Я успела осмотреть дом, наверно, даже изучить его сверху донизу и обратно. Познакомилась с кухаркой Эдной. Толку от нее было мало, так как она была норвежкой, и по-чешски не знала ни слова. Две служанки тоже были норвежками, довольно хорошо говорили по-английски, потому с ними я порой перебрасывалась парой-тройкой слов. Но надолго они не задерживались со мной, так как "господин Князь", говорили они, не позволяет им "бездельничать". Я догадывалась об истинном значении этого слова, но молчала.
На второй день моего пребывания в коттедже я попыталась бежать. Не удалось. Штефан не врал, когда говорил, что этот фьорд почти оторван от всего остального мира. Красота меня окружала неописуемая. Снег не выпал больше, он перешел в моросящий дождь, а сильный ветер был пронизывающим до костей. Выбраться отсюда без помощи катера не представлялось возможным, а значит, вообще не выбраться.
— Проверила обстановку? — встретил меня в гостиной Штефан, когда я вернулась с залива.
— Проверила, — отрезала я, поднимаясь к себе. — Ты очень удачно всё устроил, не подкопаться.
— Рад, что ты оценила. Надеюсь, тебе понравилось?
— Если закрыть глаза на то, что я здесь гостья, — выделила я последнее слово, чем вызвала неудовольствие Штефана, — то всё замечательно.

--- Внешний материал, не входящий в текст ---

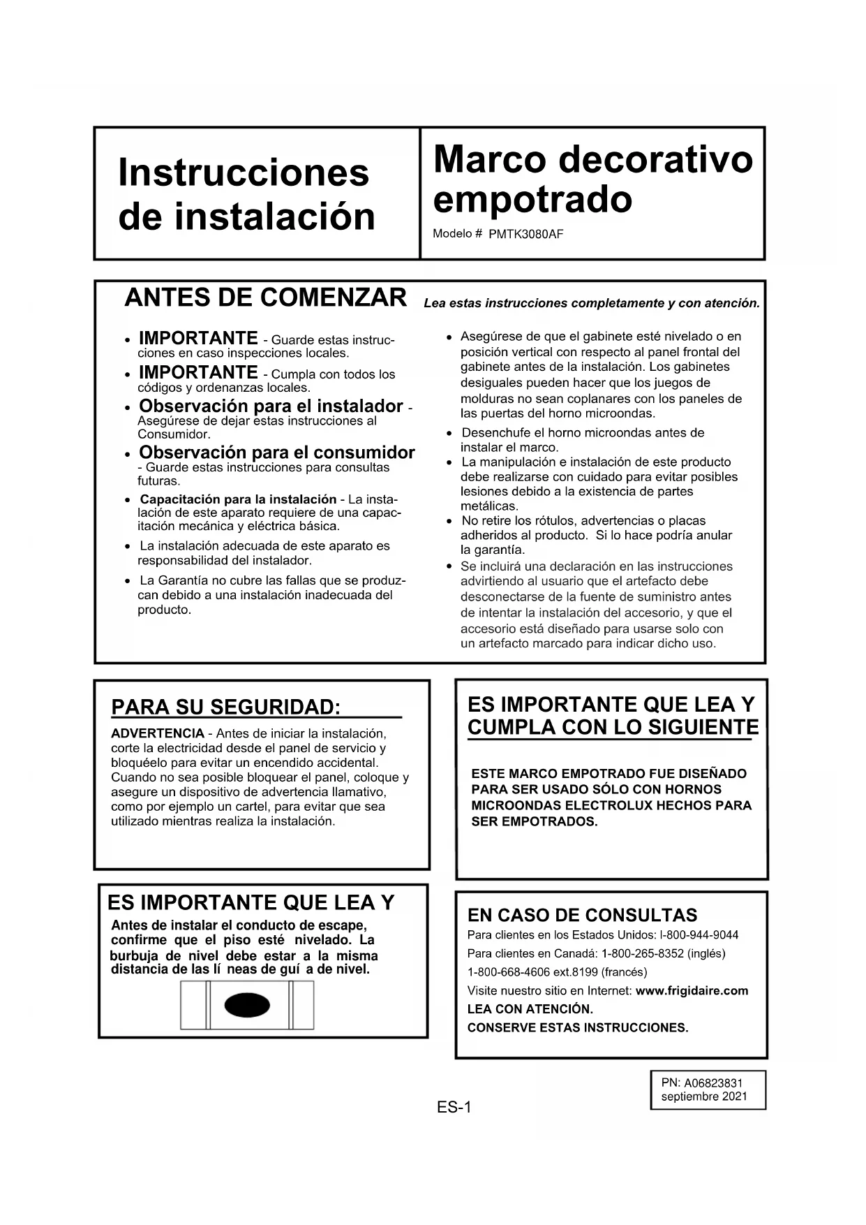 - Capacitación para la instalación - La insta- lación de este aparato requiere de una capac-itación mecánica y eléctrica básica.ADVERTENCIA - Antes de iniciar la instalación, corte la electricidad desde el panel de servicio y bloquéelo para evitar un encendido accidental.Cuando no sea posible bloquear el panel, coloque y asegure un dispositivo de advertencia llamativo, como por ejemplo un cartel, para evitar que sea utilizado mientras realiza la instalación.ESTE MARCO EMPOTRADO FUE DISEÑADO PARA SER USADO SÓLO CON HORNOS MICROONDAS ELECTROLUX HECHOS PARA SER EMPOTRADOS. Para clientes en los Estados Unidos: l-800-944-9044 Para clientes en Canadá: 1-800-265-8352 (inglés) 1-800-668-4606 ext.8199 (francés) Visite nuestro sitio en Internet: www.frigidaire.com LEA CON ATENCIÓN. CONSERVE ESTAS INSTRUCCIONES.

— Я это учту, — коротко бросил он мне в спину, но я уже скрылась на втором этаже.
Дни мои перетекали из одного в другой. Почти никакого разнообразия. Только Штефан рядом, колкий, язвительный, упертый, но одновременно... заботливый, черт меня побери! Именно так. Я видела, что он старается наладить наше общее времяпровождение здесь, и у него порой это получалось, но не до конца. Я смотрела на него и не верила тому, что вижу, а он... Он был всё тем же Штефаном, что и прежде. Тем Князем, в которого я влюбилась когда-то. Моим дьяволом.
Но вынужденное заточение выводило меня из себя. И даже, наверное, не сам факт того, что я была в этом доме пленницей, а то, что... ничего не менялось. Мы так и не придвинулись друг к другу ни на шаг. Мы так и не поговорили. Мы просто сосуществовали в одном месте, но между нами не было главного, — понимания. И это меня бесило. А еще то, что за всё это время я не сделала ни одного звонка отцу! Накатив, одно давило на другое, и в итоге вылилось в откровенный разговор. Первый на пути к откровению.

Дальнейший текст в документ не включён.